1998 NCAA women's soccer tournament

Tournament details
- Country: United States
- Dates: November 11 – December 6, 1998
- Teams: 48

Final positions
- Champions: Florida Gators (1st title, 1st College Cup)
- Runners-up: North Carolina Tar Heels (16th title match, 17th College Cup)
- Semifinalists: Portland Pilots (4th College Cup); Santa Clara Broncos (6th College Cup);

Tournament statistics
- Matches played: 47
- Goals scored: 170 (3.62 per match)
- Attendance: 45,997 (979 per match)
- Top goal scorer(s): Meredith Florance, UNC (3)

Awards
- Best player: Danielle Fotopoulos, UF (Offensive) Meredith Flaherty, UF (Defensive)

= 1998 NCAA Division I women's soccer tournament =

The 1998 NCAA Division I women's soccer tournament (also known as the 1998 NCAA Women's College Cup) was the 17th annual single-elimination tournament to determine the national champion of NCAA Division I women's collegiate soccer. The semifinals and championship game were played again at the UNCG Soccer Stadium in Greensboro, North Carolina.

Florida defeated North Carolina in the final, 1–0, to win their first national title. Coached by Becky Burleigh, the Gators finished the season 26–1. Florida won the championship in their first appearance in the College Cup, a feat matched only by USC in 2007.

The Gators' roster won the tournament's awards for both most outstanding offensive player and most outstanding defensive player, awarded to Danielle Fotopoulos and Meredith Flaherty, respectively. Fotopoulos and Flaherty, along with ten other players, were named to the All-tournament team.

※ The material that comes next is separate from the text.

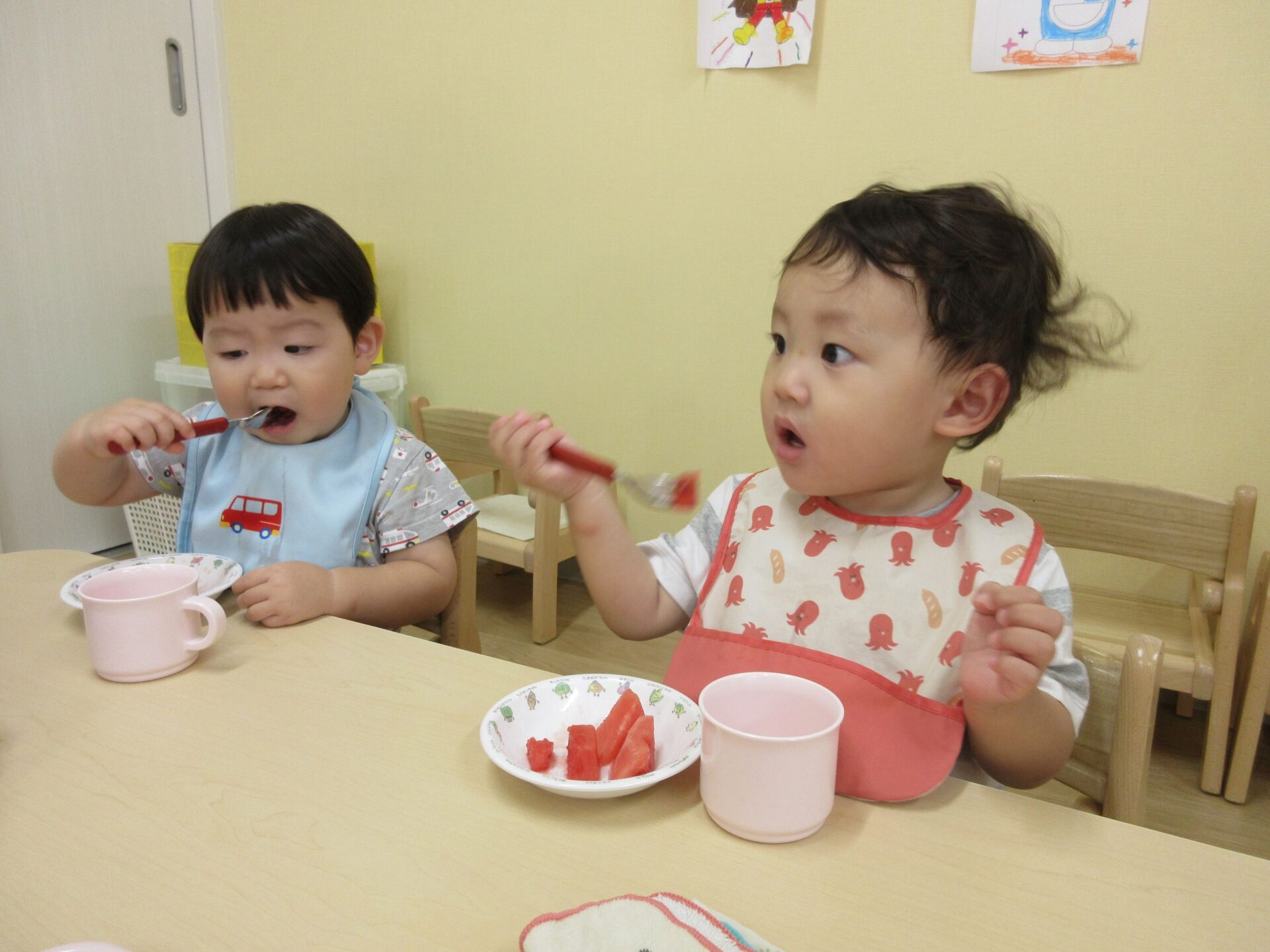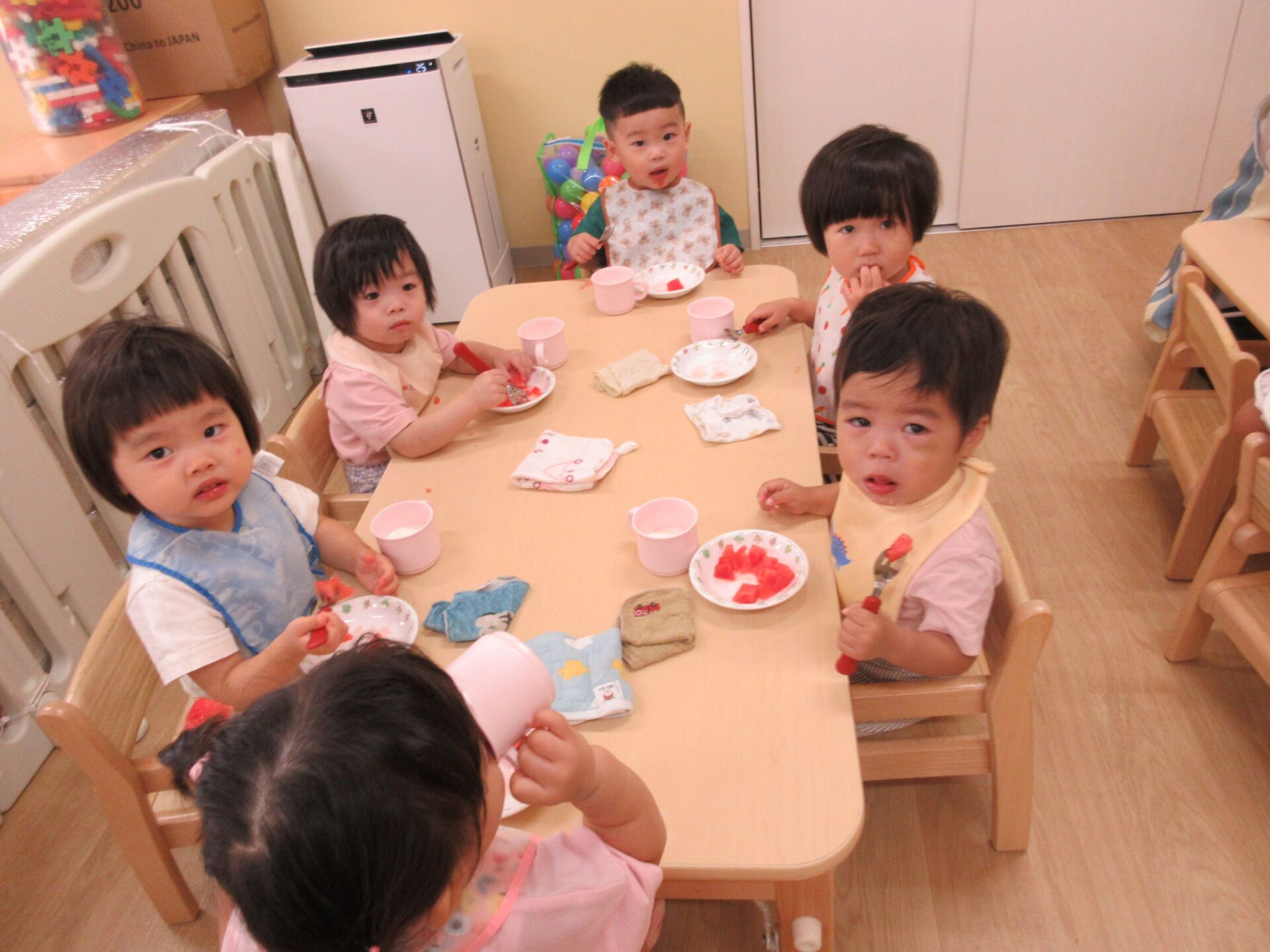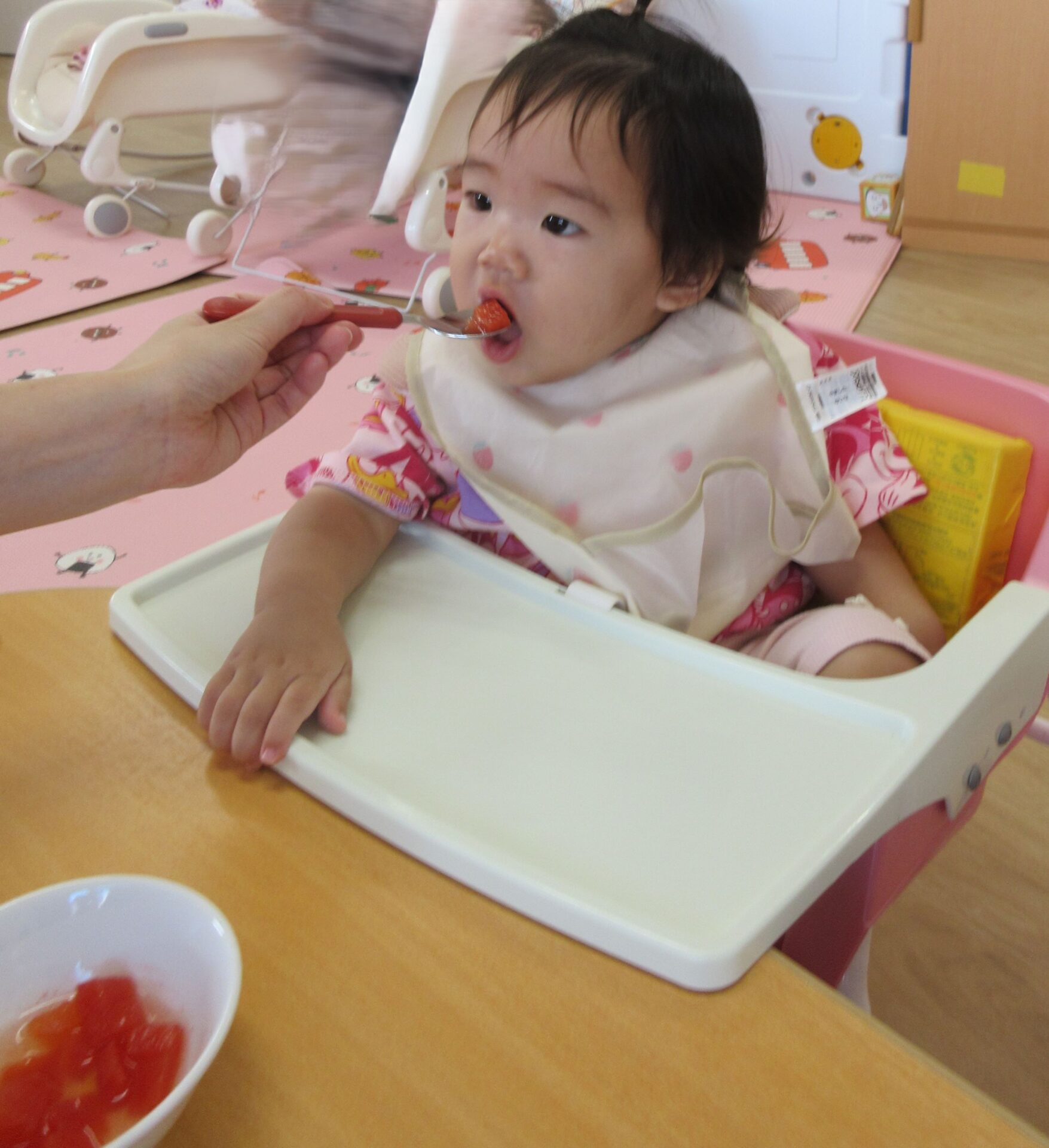 給食の先生に切ってもらい、午後のおやつでいただきました。

The tournament's leading scorer, with 3 goals, was Meredith Florance from North Carolina.

==Qualification==

All Division I women's soccer programs were eligible to qualify for the tournament. The tournament field expanded again, this time increasing from 32 teams to 48.

===Format===
To accommodate the sixteen additional teams, an additional round was added to the tournament for the thirty-two lowest-seeded teams. The top sixteen teams, meanwhile, were given a bye into the Second Round.

==National seeds==
The eight national seeds were announced on November 8.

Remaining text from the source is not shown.